Second, they tested 11 viral isolates on Vero-E6 cell line. We scientists use many different cell lines to model human disease and pathology, and often times we use cell lines from animal for several reasons. For my flu research, I often use MDCK (Madin-Darby Canine Kidney, from a dog) because that is the standard. Vero-E6 is currently the standard for isolating, growing, and studying the SARS-Cov-2.

But, is it the best cell to model human disease? Of course it is not. You cannot infer what is happening in human lung by looking at what is happening in cells originated from African green monkey’s kidney. It is like comparing apple to durian. Furthermore, Vero cell line has no innate immune response. Think it like a virus barging into a house without door, windows, and there is money on the floor begging to be stolen. The virus could stroll gleefully into the house, taking everything, and leaving it without putting much effort.

If healthy cell should have robust innate immune response. The second it realizes it is being infected, it would do everything to stop the virus from gaining control. You wouldn’t even realize it is happening.

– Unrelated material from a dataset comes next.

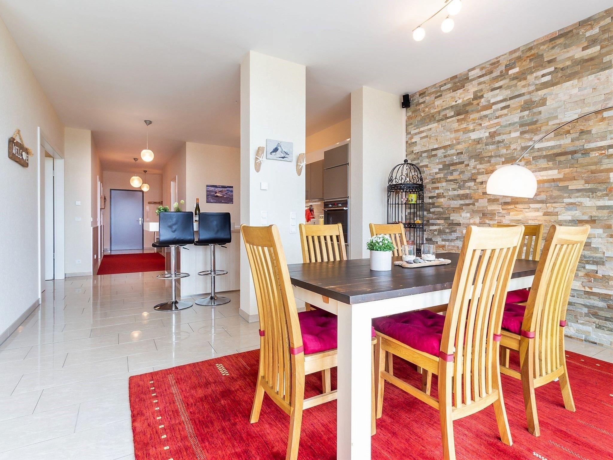 Die moderne Küche schließt sich dem Wohn-/Esszimmer an und bietet jeglichen Komfort, einschließlich einem Küchenblock mit Sitzgelegenheit für 2 Personen.

For biomedical students out there, this study lacked evidence to support their claim. They looked at the RNA copy number as their readout for increase in pathogenicity, not infectious titer (i.e. TCID50). What it means is that the authors looked at how many virus got produced after infection, but not how many of them could actually be infectious and can propagate to cause another round of infection.

But but, 30 mutations!!

The genome of coronavirus is about 30,000 nucleotides. 30 mutations is like 0.1% of the whole genome. That is not significant. Moreover, changes in nucleotides do not necessarily lead to change in amino acid composition. You need things on change on the amino acid level to have a real impact on the structure and the function of the protein, and to an extent, the virus itself. This would require a 4-hour lecture on molecular biology, so for now take my word for it.

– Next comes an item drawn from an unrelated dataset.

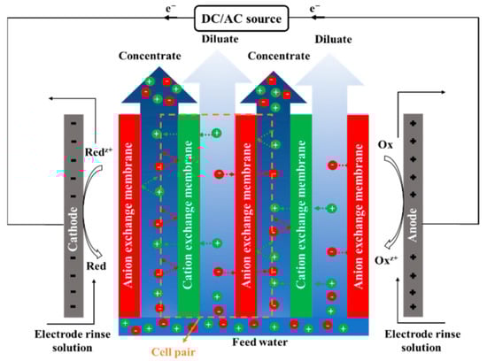 Figure 9 depicts an ED cell configuration. CEM and AEM are alternately arranged between an electrode pair in ED. A spacer separates the membranes to form compartments or chambers. Ions are attracted toward the electrode with the opposite charge when electrolyte solutions are transferred into the compartments and a potential difference is established on the electrode. Deionization occurs in the dilute compartment while enrichment occurs in the concentrate chamber due to the selective separation performed by the membranes. This process produces two streams with different ion concentrations, namely dilute and concentrated ED was initially commercialized as a RO alternative for brackish water desalination during its early development []. Unlike RO, which is limited by osmotic pressure, ED can achieve a high level of water recovery. In the concentrate chamber, ED can also be used to achieve a high concentration factor. This ability is used to concentrate seawater during the production of table salt []. Furthermore, due to its lower scaling tendency, ED necessitates less complicated pretreatment. Furthermore, the low operating pressure makes the ED system simpler than the RO system. However, ED is only competitive in desalination for low to moderate salinity because energy consumption increases with ionic concentration.

In order changes to be important and worth looking at, they must occur at the right part of the genome (for example on the RdRp or the RBD of the S protein) and the changes must be functionally meaningful. Changing from alanine to valine would probably lead to nothing, for example.

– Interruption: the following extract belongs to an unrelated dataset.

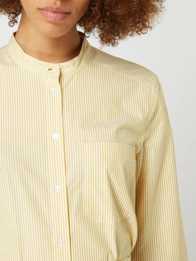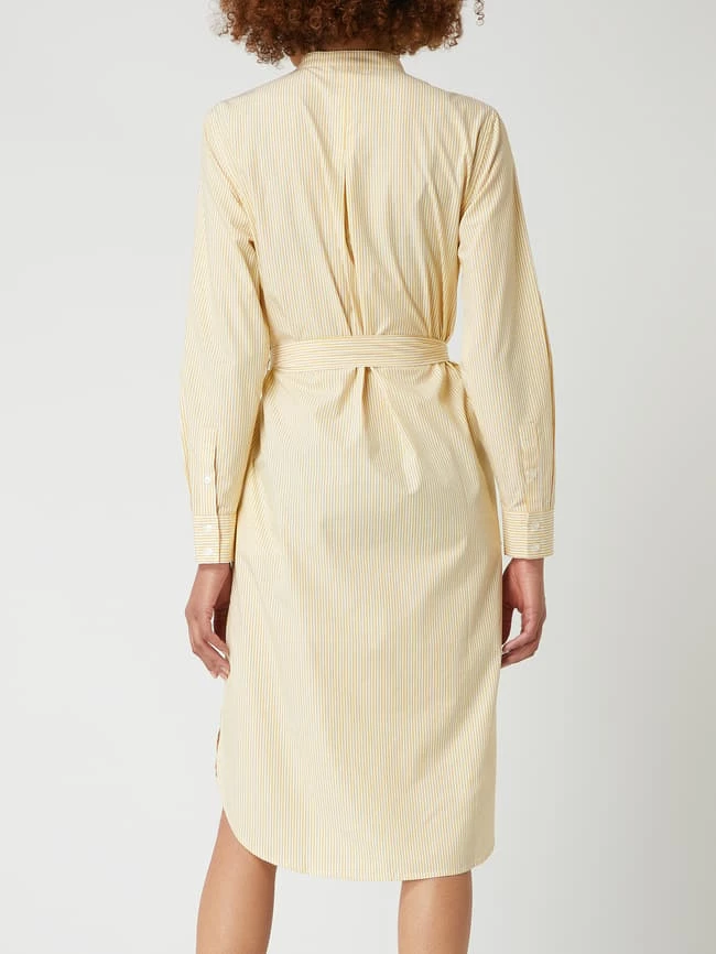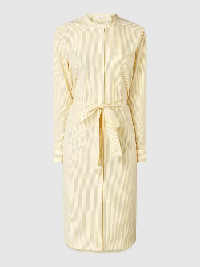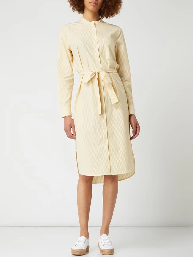 Das Hemdblusenkleid von Part Two ist aus reiner Baumwolle gefertigt und tailliert geschnitten. Es zeigt sich mit Streifenmuster, Stehkragen und Taillenband.

Update, 30 Apr 2020, 12:15 AM (US Eastern Time)

I went looking for more and I found this:

They found changes on the nucleic acid level, which could or could not affect the amino acid it codes for. Further down there, they further mentioned that one of those mutations (at genomic location of A22301C) causes mutation in the spike protein (residue location at S247R, in the S1 region but not within the RBD), which could affect the antigenicity. But again, this is only 1 amino acid change. You probably need couple more to substantially alter the antigenicity of the virus.

Minor points

  1. They used analyses from Nexstrain, did not even cite that as their source in their figures nor I could find any reference to Bedford et al., the researcher behind Nextstrain. Look at their figures S3, and S8.
  2. Do people use CPE as a qualitative measure? I don’t think that is appropriate. You need something like plaque assay for that.
  3. Hit your Ctrl+F on keyboard to open up the find dialog after opening the PDF version of the preprint paper, then look for “30 mutations”. Yes that’s right, you would find nothing there. SCMP, your pants on fire and no thanks for wasting my time.